Finding that she was waiting for an answer, Merlin nodded, though he really couldn’t address her the way she wanted. Not unless he want to be punished for disrespect if someone were to walk in on them speaking together.
“Now then, Merlin, what is your relationship with Arthur?” Gwen asked.
“I’m sorry, what?” Merlin choked on air. Was she, the prince’s fiancé, implying what he thought she was implying? “I’m just his writing slave.”
“Oh, I really doubt that, Merlin,” she said. “I saw you yesterday, with Arthur. Arthur never lets anyone but the king and queen tell him what to do. And yet here you are, actually telling him what to do and him actually listening.”
“You’re mistaken, mi--” She gave him a warning look, so he skipped the title. “I have no sway on what the prince chooses to do. I’m just his slave,” Merlin insisted.

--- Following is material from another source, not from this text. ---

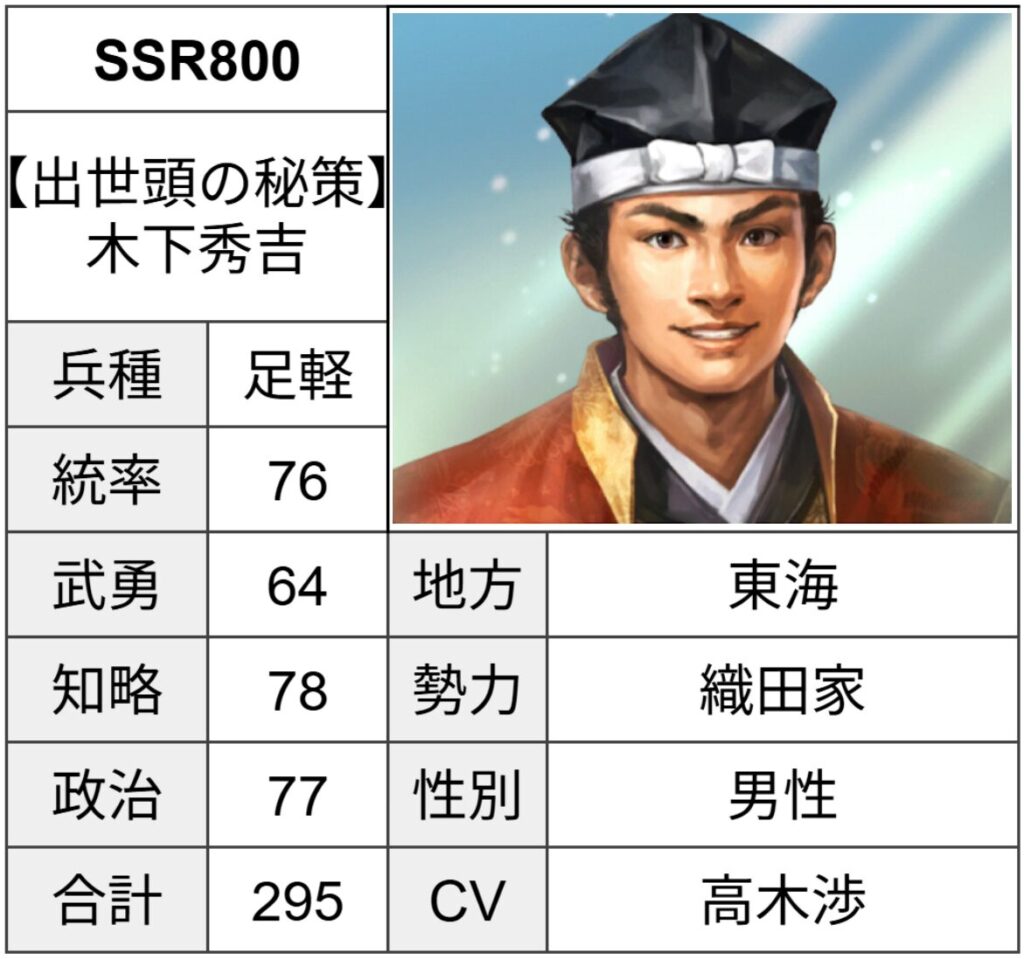 全プレイヤーにとって最初の武将である木下秀吉。
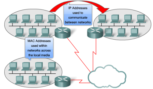 Initially, Ethernet was implemented as part of a bus topology. Every network device was connected to the same, shared media. In low traffic or small networks, this was an acceptable deployment. The main problem to solve was how to identify each device. The signal could be sent to every device, but how would each device identify if it were the intended receiver of the message?

“I don’t think you’re just his slave. Tell me, how does he treat you?”
“He is my master. He treats me as a master should treat his slave.”
“Oh, Merlin, surely you can say more than that,” Gwen huffed. “Very well, let me ask about you. Where are you from?”
“…Carmarthen.”
“Are you a sorcerer?” She looked far too interested for Merlin to feel easy about it.
“Not anymore, milady,” he said. “I’ve been through the Rites, just like any sorcerer in slavery.”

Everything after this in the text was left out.